What is the “data quality” of your emails? Or presentations or papers? Have you ever gone back and looked at something you wrote a long time ago and realize that your thoughts on the subject had evolved in the interim? Those original, unevolved thoughts may be immortalized in an LLM somewhere.
When it comes to unstructured data, the same dimensions of Data Quality still apply: accuracy, completeness, consistency, timeliness, and so forth. It’s just that they are more often considered within the context of data capture, not data content. Was the OCR text extracted from the document accurately transcribed? Were all of the audio segments of the interview included?
But just like structured data, the accuracy of the content must be considered as well. I would consider that to be at least as important. And much harder. When you have a database table, it’s easy to say that the airport_code field must contain an IATA airport code. You can cross-reference customer account numbers associated with transactions with customer account numbers in the customer master table.
But how do you assess the accuracy and completeness, a.k.a. the quality, of a document. Or an article. Or a website. Or an email. How do you assess its reliability. How often do we discover that something that was an unquestionable news story yesterday was actually wrong. Perhaps intentionally wrong. Or maybe it was the other way around: something that was considered a tinfoil hat conspiracy theory yesterday is discovered to be true today. It wasn’t a conspiracy theory, it was a spoiler.
How many commercial large language models were trained with the incorrect information? How do they get corrected? And who is the authority anyway? How do we know what’s been corrected and what’s still wrong. We truly have a crisis of authority (this is a topic I’ll be writing more about in the future).

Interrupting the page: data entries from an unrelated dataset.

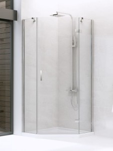 Kabina prysznicowa pięciokątna z pojedynczymi drzwiami uchylnymi na zewnątrz. Doskonałe rozwiązanie dla posiadaczy niewielkiej łazienki dzięki ściętej linii drzwi.
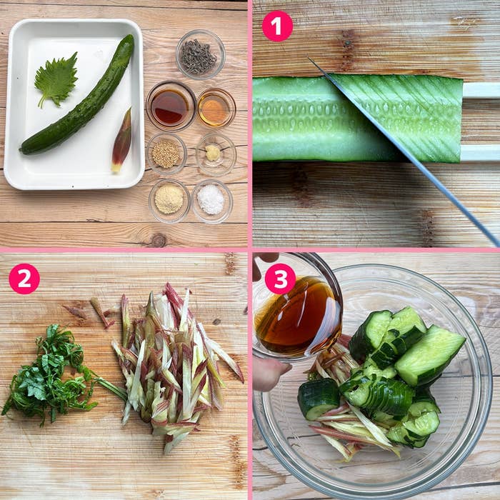 夏の手軽なきゅうりとみょうがのウマナムルレシピ。
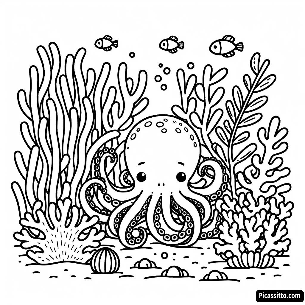 Aproveite esta página para colorir gratuita e imprimível com um polvo escondido entre corais coloridos e peixes pequenos! Deixe sua criatividade fluir enquanto dá vida a esta cena subaquática.
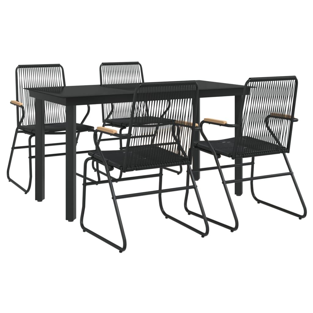 Relax and enjoy a lovely afternoon tea or any meal with your family and friends around this garden dining set! Durable PVC rattan: PVC rattan is a sturdier and more durable option for natural rattan. PVC is known for its weather-resistant qualities like protection from UV rays and resistance to moisture.Sturdy frame: The steel frames of the dining set ensure sturdiness and stability.Practical tabletop: The smooth glass tabletop is easy to clean with a damp cloth and is perfect for placing meals, drinks and other decorative items.Comfortable seating: The dining chair is designed with a backrest and armrests to offer you a comfortable seating experience. Note:To make sure your outdoor furniture stays beautiful, we recommend protecting it with a waterproof cover.
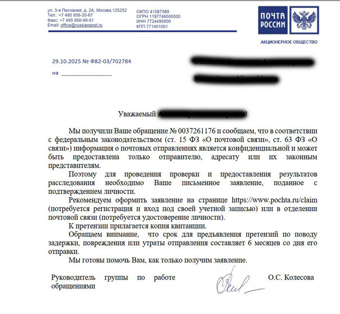 Ветка переписки с представителями Почту РФ в Контакте тут, если интересно:
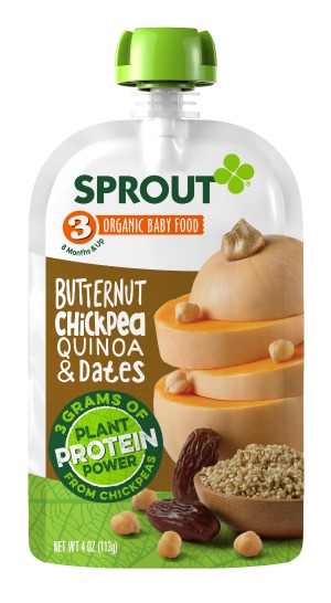Look for the Stage 3 Baby Food Puree flavor—Butternut Chickpea Quinoa & Dates. The puree is recommended for children 8 months and up and offers 3 grams of fiber and 3 grams of plant powered protein from organic chickpeas. It’s a delicious protein alternative to meat and dairy based products. This puree is super tasty, dairy-free and vegan-friendly!
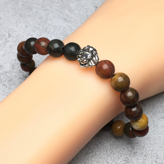 Natural Picasso Jasper Beaded Bracelet Elastic Adjustable Gemstone Bracelet Lion Style
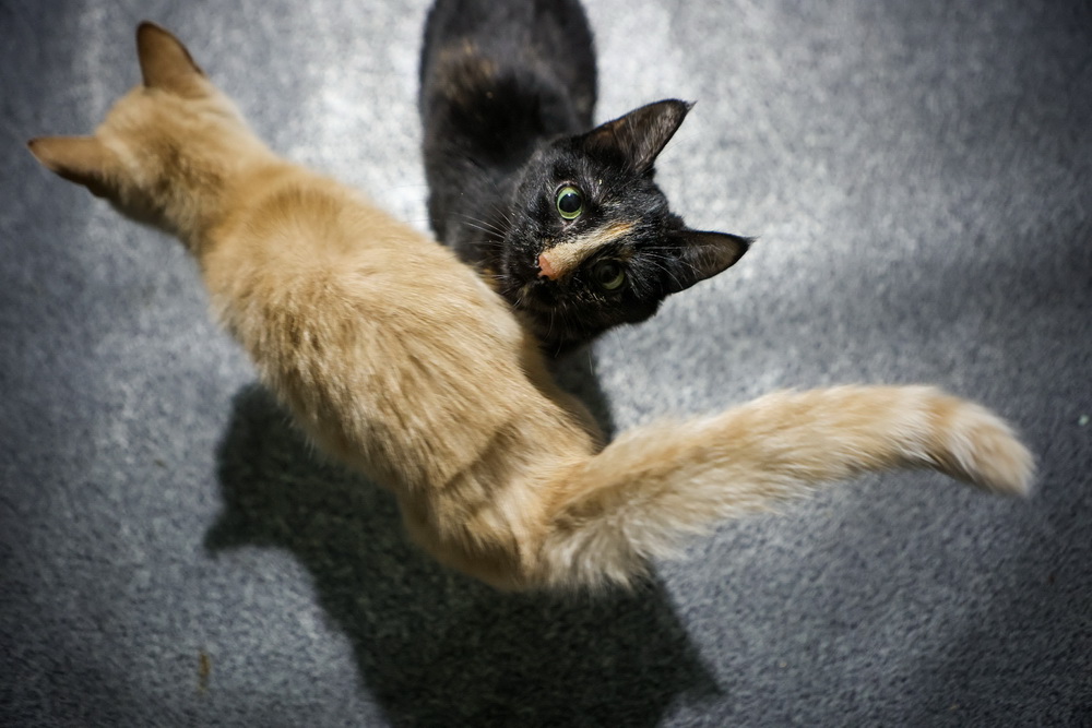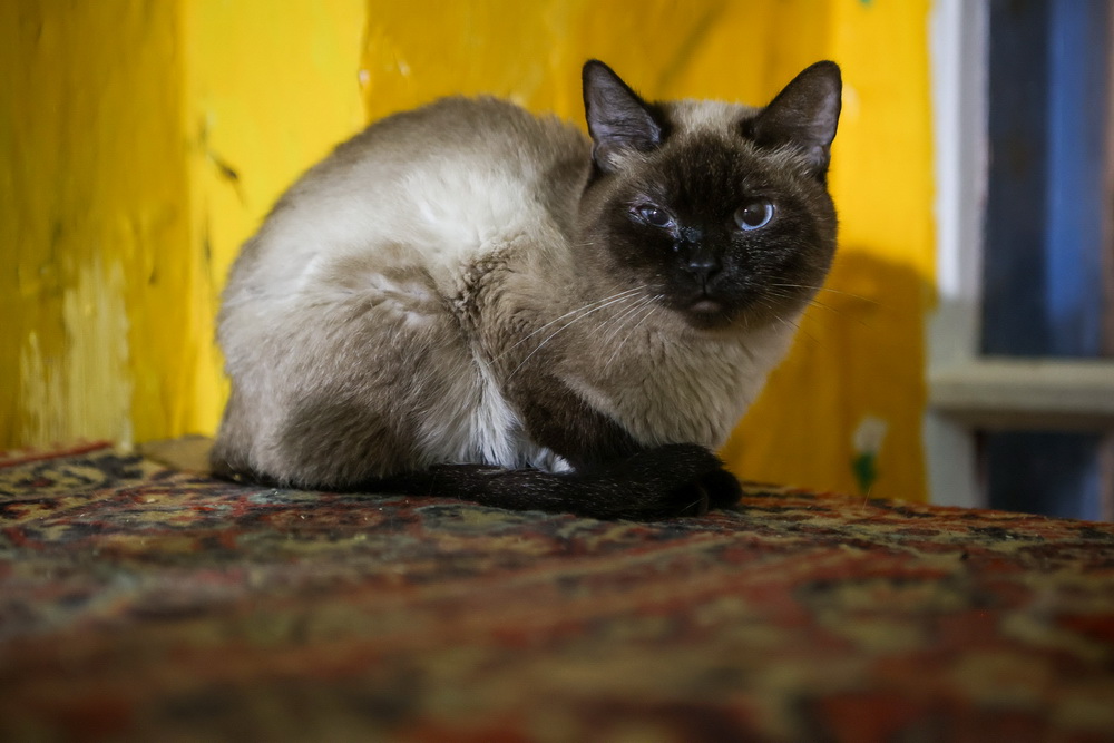 Две сиамские кошечки попали в приют в прошлом году из квартиры, где жили две пожилые сестры. Одна умерла, и её тело пролежало в помещении три месяца. Вторая женщина, страдавшая психическим расстройством, всё это время жила здесь же вместе с 30 сиамскими кошками. Я забрала восемь животных, остальных пристроили другие зоозащитники. Из восьми в приюте остались две, шестерых усыновили.
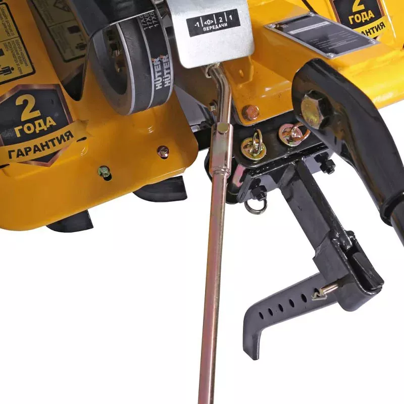 Сельскохозяйственная машина HUTER МК-7000Р-10 поставляется с большими колесами, диаметр которых составляет 10 см. Благодаря этому устройство не будет проваливаться в рыхлый грунт.
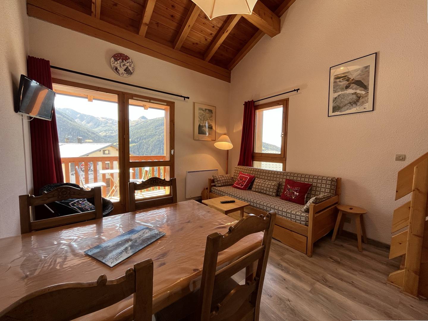 Appartement en duplex pour 6 personnes de 47 m², situé au 2ème étage avec balcon, sans ascenseur, en exposition Sud-Ouest et bénéficiant de la proximité du centre de la station et des pistes

One of my hobbies is family history research. Unstructured data is everywhere, but especially in family trees and in historical records. The objective is to maximize confidence in your family tree connections by finding as many confirming documentary sources as possible. Many times you can jumpstart your family tree by copying someone else’s.
The problem is that not all sources are created equally, and not all family trees are reliable. Family connections can be incorrect. Record transcriptions can be incorrect. Asserted facts might not have any associated sources. And some of the sources are just wrong. Over time you come to know which are reliable and which to avoid or ignore.
The trouble is that everybody is encouraged to leverage everyone else’s research. An incorrect association gets perpetuated when others copy it. Multiple family trees having the same association reinforces it. (Sounds like the same path that leads to LLM model collapse to me.) When the error is identified and corrected, the incorrect interpretations still far outweigh the correct ones. I’ve seen many instances where what looked like an outlier was actually the correction. (This is also an LLM training challenge.)
Are you going to go review all of your company’s memos and emails? Probably not. But it might be worthwhile to make your folks aware of how the artifacts they create, like emails, presentations, and reports could impact the performance of the company’s AI models.
Back in the old days, people had to read through the documents and pull out the relevant or interesting information. They would also at the same time evaluate the quality, accuracy, and reliability of the document’s content. We can now do the same thing orders of magnitude faster using AI. Nevertheless, the Data Quality still needs to be validated. AI systems can evaluate the quality of unstructured data sources, but there still needs to be some level of human validation or confirmation. How much “hands off” are you comfortable with?
Are you evaluating the quality of the unstructured data you’re feeding to your large language models? Might be time to at least start thinking about it.